MATERIAL PROVIDED START

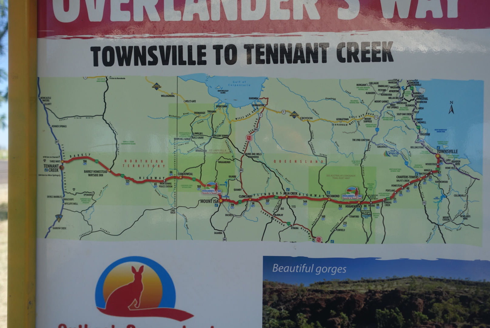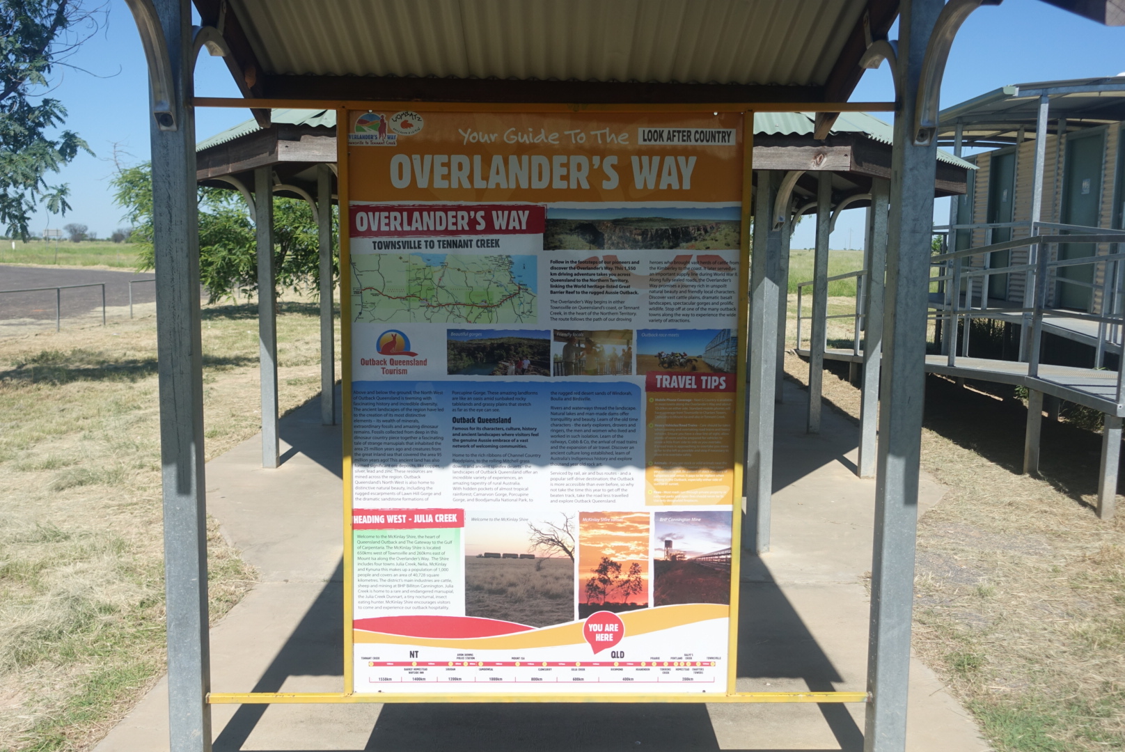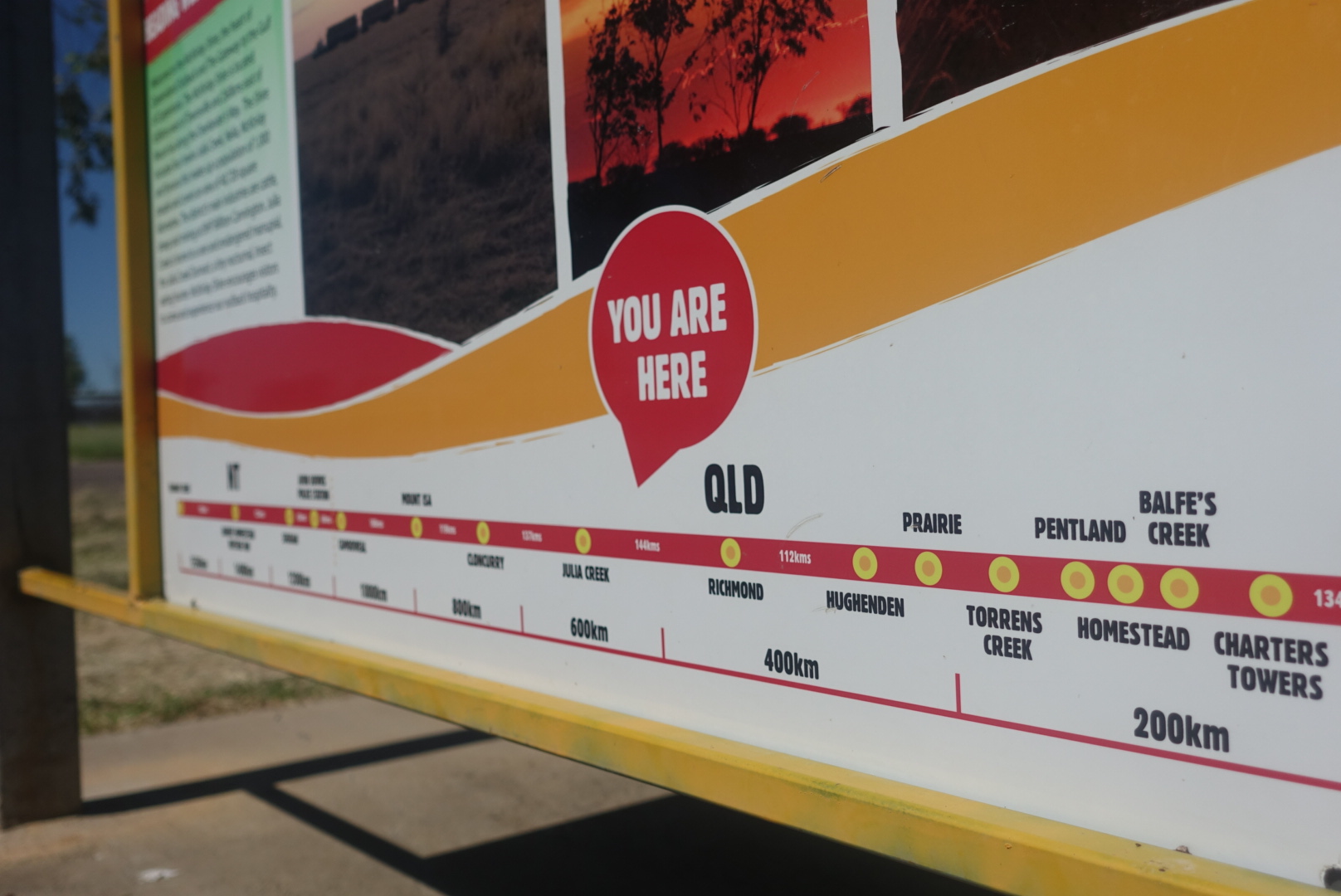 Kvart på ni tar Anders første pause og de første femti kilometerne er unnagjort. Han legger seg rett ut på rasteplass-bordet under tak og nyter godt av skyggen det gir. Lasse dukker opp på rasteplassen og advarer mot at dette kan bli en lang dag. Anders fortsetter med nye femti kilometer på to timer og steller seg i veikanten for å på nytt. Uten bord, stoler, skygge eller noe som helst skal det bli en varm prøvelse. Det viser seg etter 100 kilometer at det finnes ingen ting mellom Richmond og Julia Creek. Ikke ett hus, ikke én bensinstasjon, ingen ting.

MATERIAL PROVIDED END
MATERIAL PROVIDED START

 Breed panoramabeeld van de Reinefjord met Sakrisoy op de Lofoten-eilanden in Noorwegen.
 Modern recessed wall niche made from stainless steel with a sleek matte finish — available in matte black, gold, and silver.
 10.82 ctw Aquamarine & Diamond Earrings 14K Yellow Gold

MATERIAL PROVIDED END

DIRECTIONS:
Whatever else the listing above holds, retype exactly only the lines from the one containing "Modern recessed wall" to the one containing "10.82 ctw Aquamarine", both ends kept.

SOLVED PROBLEM:
 Modern recessed wall niche made from stainless steel with a sleek matte finish — available in matte black, gold, and silver.
 10.82 ctw Aquamarine & Diamond Earrings 14K Yellow Gold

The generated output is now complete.